Accessing and assigning values to tensors is easy, and should be rather intuitive. It is done using the same syntax as array accesses, though the one difference is that only a single [ ] is ever used, and indices are separated by commas within this. For example, if mat is a matrix, we can access element (3, 5) by writing:
mat[3, 5]
To assign a value to a specific point in a tensor, we can just write an access with any assignment operator, such as:
mat[3, 5] += 2;
We can also use variables or expressions as the indices we wish to access, so we could write, for example:
for(int i = 0; i < 10; i++) {
for(int j = 0; j < 10; j++) {
printf("%f\n", mat[i, j]);
}
}
Despite not being malloc'd themselves, a variety of the components inside
of tensors are malloc'd, and so to prevent memory leaks, call freeTensor
on all tensors used in your program.
While sometimes we want variables to represent specific values when accessing a tensor, as in the above example, there are other times when we want a variable to represent a series of values, all the possible values that the index could take. For example, in math, writing
ai = bidoesn't mean that for some specific value of i, a and b are equal, it means that for all values of i, a and b are equal. In this case i is what we will call an index variable. To allow this differentiation between variables with a value, and index variables, index variables must be declared, and have their own type
indexvar
. If we want, for example, to declare i, j, k as
index variables, we can write:
indexvar i, j, k;
anywhere in our code.
Tensor expressions are the algebra component of any tensor algebra system. Tensor expressions specify how to take one or more input tensors and convert their values into values in an output tensor. In writing tensor expressions, we write tensor index expressions, where we use index variables to describe how we access a tensor. Matrix multiplication is a simple tensor operation, common to linear algebra, and can be expressed as:
A[i, j] = B[i, k] * C[k, j];
in mathematics we would generally write this as: Ai,j = Bi,k * Ck,j.

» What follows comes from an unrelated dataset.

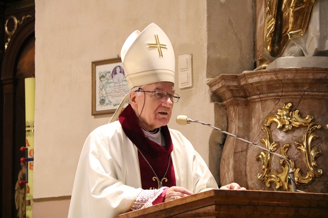 Dodał, że Kościół nie tylko głosi z miłością, ale i ze stanowczością Bożą naukę dotyczącą małżeństwa i rodziny, nie tylko przypomina prawa i obowiązki małżonków i rodziców, ale również obowiązki innych, zwłaszcza społeczeństwa i państwa wobec rodziny. – Kościół stara się też ciągle rozwijać formy duszpasterstwa, by nieść pomoc rodzinie. Do tych działań należy zaliczyć odbywające się od wielu lat modlitewne spotkania w pierwsze czwartki miesiąca w Sanktuarium św. Józefa Kaliskiego. Jakże błogosławiona jest ta inicjatywa obejmująca całą Polskę, a nawet sięgająca poza granice kraju dzięki Radiu Maryja i Telewizji Trwam – mówił bp Fortuniak.

Our system supports tensor expressions involving addition, subtraction, multiplication, and division. However, division is not guaranteed to function necessarily how traditional division would. If the divisor of any division would be 0, the system simply does not perform the division, leaving the value 0, instead of taking a value of infinity, or NaN. In addition to these arithmetic operators, tensor expressions may contain regular C expressions, such as in
a[i] = 4 * b[i];
There are a few other limitations to the tensor expressions supported
by this system. First, no index variable may appear only on the left-hand
side. A[i, j] = b[i];
is not valid, though a[i] = B[i, j];
is.
In the later case, the columns of B will be summed together into a.

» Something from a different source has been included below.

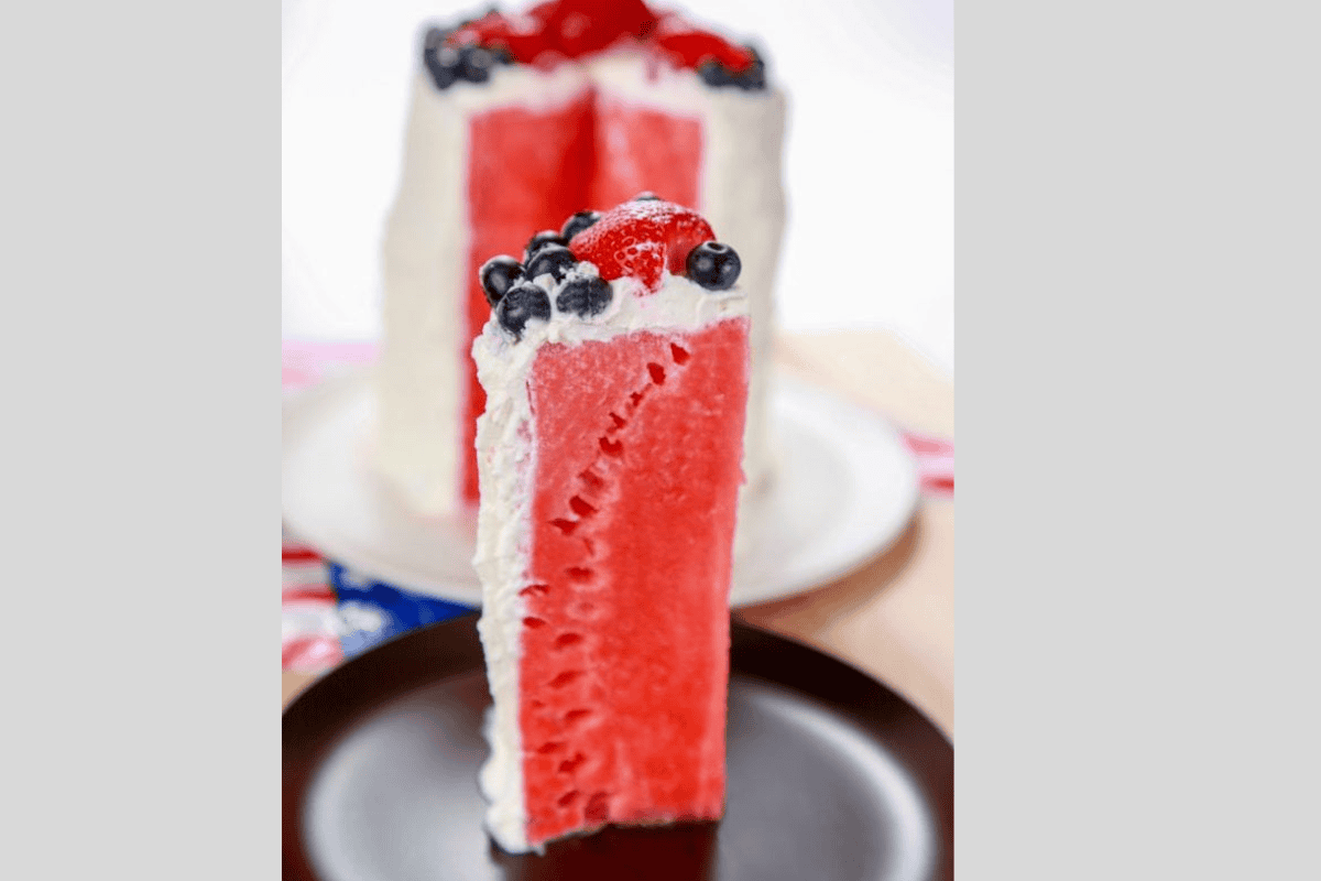 I love serving the classics like bbq pork tenderloin, instant pot baked beans, and Mexican street corn when hosting BBQs. This Watermelon cake makes the perfect no bake dessert. It is refreshing, naturally hydrating and light enough after a big meal. It would even make the perfect birthday cake for watermelon lover. Watch the oohs ad ahs as this cake that looks like it came straight from a bakery is actually fresh fruit! Worried guests could be disappointed? Make my watermelon cupcakes made with actual watermelon cake batter and buttercream frosting too!

The other limitation has to do with access patterns, and is more compliated.
In short, code cannot be generated for a tensor expression that must access
a tensor against it's natural access order. For example, if both A and B
are matrices stored in row-major order, A[i,j] = B[j,i];
will not be
valid and a compiler error will be raised.

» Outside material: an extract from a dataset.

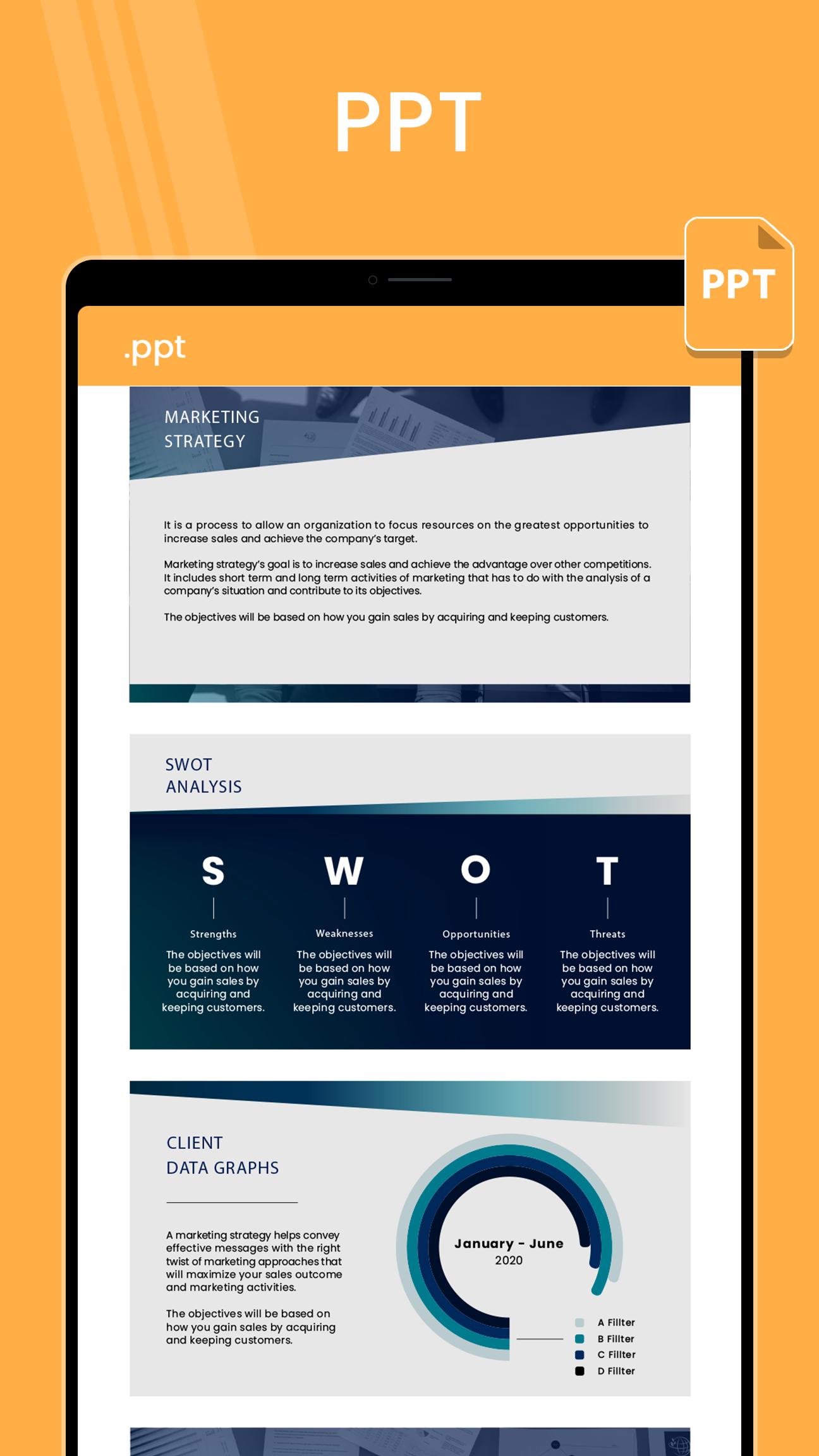 Lettore XLSX: Visualizzatore PPT è un modo rapido per aprire e visualizzare i documenti in un unico posto con l'aiuto del lettore di documenti Word. Se sei in viaggio e hai bisogno di aprire i tuoi documenti importanti, usa questo apri file e visualizzatore di file csv sul tuo dispositivo Android, questo renderà efficiente la tua vita. Lettore XML per Android: l'app di lettura file ODT fornisce un modo efficiente e rapido per visualizzare le diapositive o le presentazioni ppt direttamente dal tuo telefono Android. Accedi e leggi i tuoi documenti ppt e pptx senza problemi sul tuo dispositivo mobile, senza bisogno di un laptop, utilizzando questo lettore e visualizzatore di documenti all-in-one.

Our extension supports iterating over the values in a tensor with a new
foreach
loop. In this loop, a tensor to iterate over is given, and
accessed using a mix of index variables and expressions (expressions are
not required, it would be possible, though unecessary to not have any
index variables). Expressions provide limits, for example if i is an
index variable, mat[2, i]
would iterate over values in the third row
of the matrix. This construct iterates over the values found in the
regions (limited by the expressions given). For tensors with the last
dimension being sparse, this means the loop will only iterate over
non-zero elements. In other formats, the exact values iterated over
will vary. The loop guarantees to iterate over any non-zero values in
the valid regions, but may iterate over some zeroes as well, depending
on the tensor's format. The syntax for this, inspired by that in Java,
is show below:
foreach(double v : mat[2, i]) {
// do something, can include variables v and i
}
Inside the loop, the variable declared to receive the values (v above), has it's appropriate value, as well as any index variables used in the expression. So, if the value at mat[2, 2] = 1.0, inside the foreach there will be an interation with v = 1.0 and i = 2.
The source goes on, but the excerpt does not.